'Poor people!' exclaimed the Queen; 'and yet they travel; they wish to improve themselves?'
'Darkush, however,' continued Fakredeen, without noticing the last observation of Astarte, 'was not wrongly informed.'
'Not wrongly informed?'
'No: one of the princes who wished to visit Gindarics was, in a certain sense, of the ancient and beautiful faith, but it was not the Prince of the English.'
'What are these pigeons that you are flying without letters!' exclaimed Astarte, looking very perplexed.
'Ah! beautiful Astarte,' said Fakredeen, with a sigh; 'you did not know my mother.'
'How should I know your mother, Emir of the castles of Lebanon? Have I ever left these mountains, which are dearer to me than the pyramids of Egypt to the great Pasha? Have I ever looked upon your women, Maronite or Druse, walking in white sheets, as if they were the children of ten thousand ghouls; with horns on their heads, as if they were the wild horses of the desert?'
'Ask Keferinis,' said Fakredeen, still sighing; 'he has been at Bteddeen, the court of the Emir Bescheer. He knew my mother, at least by memory. My mother, beautiful Astarte, was an Ansarey.'
'Your mother was an Ansarey!' repeated Astarte, in a tone of infinite surprise; 'your mother an Ansarey? Of what family was she a child?'
'Ah!' replied Fakredeen, 'there it is; that is the secret sorrow of my life.

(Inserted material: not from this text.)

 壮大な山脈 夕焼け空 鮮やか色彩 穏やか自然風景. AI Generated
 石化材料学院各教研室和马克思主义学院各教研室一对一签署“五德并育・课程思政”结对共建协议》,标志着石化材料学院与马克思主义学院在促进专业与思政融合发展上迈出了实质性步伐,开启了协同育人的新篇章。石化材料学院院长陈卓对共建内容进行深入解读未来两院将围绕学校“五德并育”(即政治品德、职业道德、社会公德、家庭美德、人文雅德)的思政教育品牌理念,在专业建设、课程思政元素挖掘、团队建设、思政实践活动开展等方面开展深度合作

A mystery hangs over my mother, for I lost both my parents in extreme childhood; I was at her heart,' he added, in a broken voice, 'and amid outrage, tumult, and war. Of whom was my mother the child? I am here to discover that, if possible. Her race and her beautiful religion have been the dream of my life. All I have prayed for has been to recognise her kindred and to behold her gods.'
'It is very interesting,' murmured the Queen.
'It is more than interesting,' sighed Fakredeen. 'Ah! beautiful Astarte! if you knew all, if you could form even the most remote idea of what I have suffered for this unknown faith;' and a passionate tear quivered on the radiant cheek of the young prince.

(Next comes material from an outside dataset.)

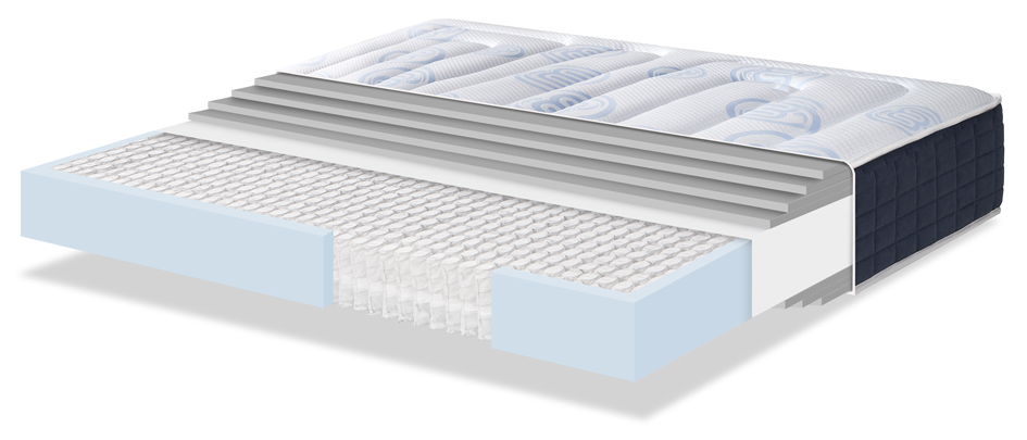 Este modelo dispone de una capa superior de 1 cm. de acolchado Viscoelástica de 50 kg. de densidad. Además cuenta con una capa de espumación HR de 1,5 cm. en ambas caras del colchón, aportando estabilidad, firmeza y adaptabilidad, así como otra capa de espumación HR de 28 Kg. de densidad en ambas caras del colchón, firme en los acolchados de la cara superior.

'And yet you came here to preach the doctrines of another,' said Astarte.
'I came here to preach the doctrines of another!' replied Fakredeen, with an expression of contempt; his nostril dilated, his lip curled with scorn. 'This mad Englishman came here to preach the doctrines of another creed, and one with which it seems to me, he has as little connection as his frigid soil has with palm trees. They produce them, I am told, in houses of glass, and they force their foreign faith in the same manner; but, though they have temples, and churches, and mosques, they confess they have no miracles; they admit that they never produced a prophet; they own that no God ever spoke to their people, or visited their land; and yet this race, so peculiarly favoured by celestial communication, aspire to be missionaries!'
'I have much misapprehended you,' said Astarte; 'I thought you were both embarked in a great cause.'
'Ah, you learnt that from Darkush!' quickly replied Fakredeen. 'You see, beautiful Astarte, that I have no personal acquaintance with Darkush. It was the intendant of my companion who was his friend; and it is through him that Darkush has learnt anything that he has communicated. The mission, the project, was not mine; but when I found my comrade had the means, which had hitherto evaded me, of reaching Gindarics, I threw no obstacles in his crotchety course. On the contrary, I embraced the opportunity even with fervour, and far from discouraging my friend from views to which I know he is fatally, even ridiculously, wedded, I looked forward to this expedition as the possible means of diverting his mind from some opinions, and, I might add, some influences, which I am persuaded can eventually entail upon him nothing but disappointment and disgrace.' And here Fakredeen shook his head, with that air of confidential mystery which so cleverly piques curiosity.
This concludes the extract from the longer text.